Murphy is clear that the UK has been unloved: "There has been a flow of money away from the UK. Towards the end of last year, there were also concerns over US and world economic growth, which has moved people away from equities in general."

However, he points out, investing in equities is a long-term game and investors are buying the strategy of the company, rather than the UK economy: "Every sector in the UK is on a discount and some significantly so. Not because they are bad companies, but because people have walked away from the UK."

He believes this creates real opportunities, saying he is more excited now by the options available to him than for many years: "I'm not a fan of straight line growth. Companies and investors can become lazy. Our instinct is to sell into that greed." Today, he argues, there is more to look at.

On almost all measures, Murphy says, valuations look good - from price to earnings, or dividend yields to price-to-book ratios, he has rarely seen UK equities cheaper. However, in his view, it is not enough to say that opportunities exist simply because UK equities are cheap. There are areas that are cheap that don't cross his radar. However, he believes the fundamentals for many UK companies look good as well.

This includes some domestic-focused companies. While there is plenty of choice among international focused stocks, domestic companies have been hard hit. However, Murphy is clear there are plenty with good underlying structural stories: "Companies such as Ibstock, which has high free cash flow and a robust business.
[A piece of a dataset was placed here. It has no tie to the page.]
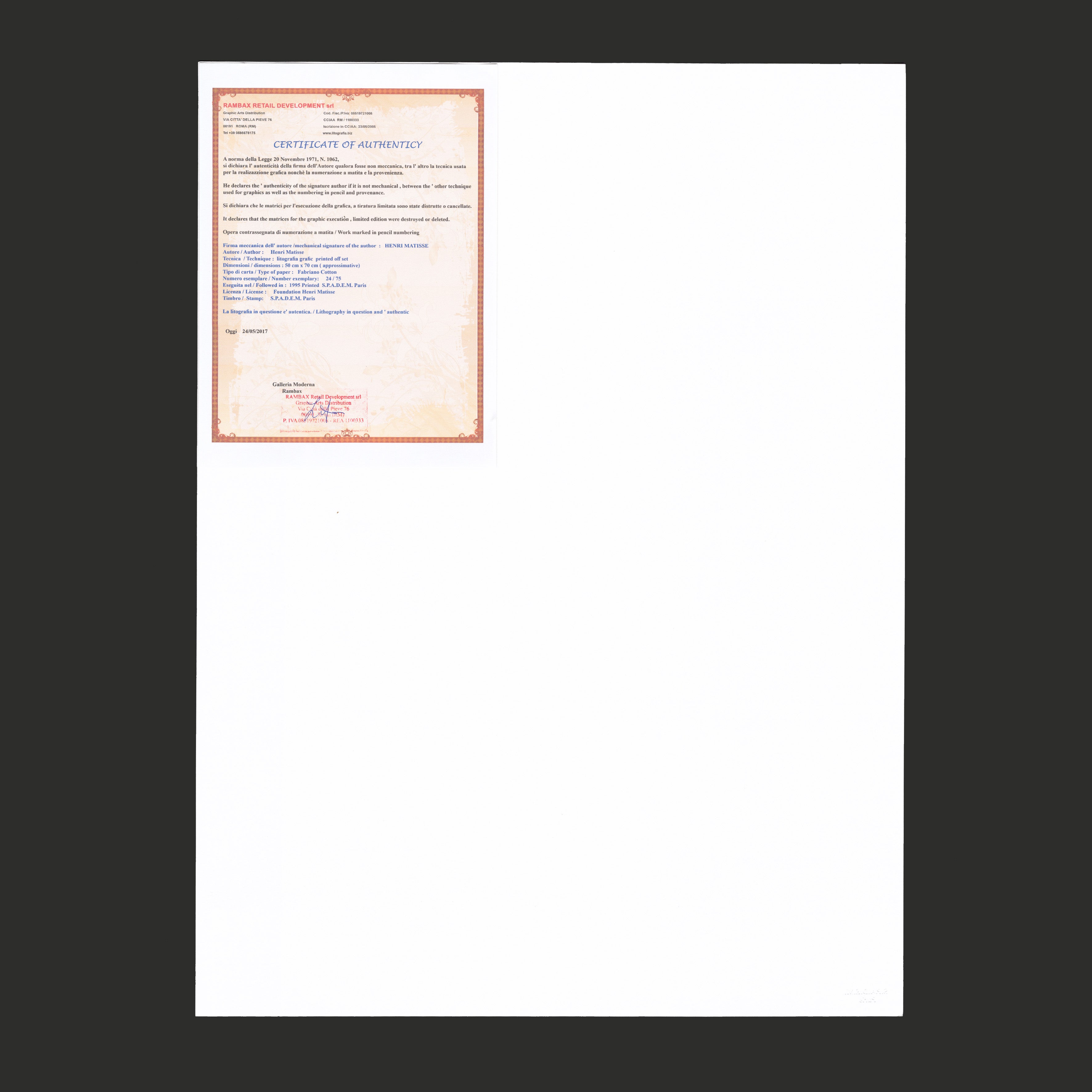 Henri-Émile-Benoit Matisse (1869 – 1954) byl francouzský grafik, sochař, scénograf a architekt. Nejznámější je však jeho malířské dílo - proslul svou prací s barvou a svým brilantním kreslířským uměním. Byl hlavní postavou uměleckého směru zvaného fauvismus. Spolu s Pablem Picassem patří k výtvarníkům, kteří nejvíce ovlivnili vývoj umění v 2. polovině 20. století.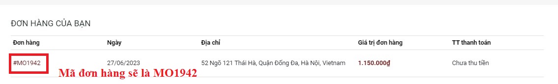 - Đơn hàng được ghi nhận là thành công khi có mail Xác nhận đơn hàng và trong mục Đơn hàng của bạn như sau (mã đơn hàng sẽ có là MO + 4 số ví dụ trong hình là MO1942)

There is still a shortage of bricks."

He has also added to Tesco, where the Booker deal has helped drive margins. He is even investing in some high street names, continuing to support companies such as DFS. Similarly, companies such as Land Securities have been hit because they hold some high street retail assets, but these tend to be in high-quality shopping centres, where demand is holding up.

Elsewhere, he believes it is important to be holding the winners in sectors that are consolidating. This includes companies such as Ashstead, which is focused on plant hire and construction. He bought it when the share price had seen a 20-30 per cent fall and it has subsequently bounced back strongly: "There are opportunities everywhere."

 

Webinar: Ten years of a no-nonsense approach - register today for Friday, 17 May, 2019.    Chris Murphy will discuss the lessons learned over his ten-year tenure managing the Aviva Investors UK Equity Income Fund and why he believes there is still value to be found in the UK.    

 

Key risk

The value of an investment and any income from it can go down as well as up. Investors may not get back the original amount invested.

Important information

Except where stated as otherwise, the source of all information is Aviva Investors Global Services Limited (AIGSL) as at 02 April 2019 Unless stated otherwise any views and opinions are those of Aviva Investors. They should not be viewed as indicating any guarantee of return from an investment managed by Aviva Investors nor as advice of any nature. Past performance is not a guide to the future. The value of an investment and any income from it may go down as well as up and the investor may not get back the original amount invested. Nothing in this material, including any references to specific securities, assets classes and financial markets is intended to or should be construed as advice or recommendations of any nature. This material is not a recommendation to sell or purchase any investment.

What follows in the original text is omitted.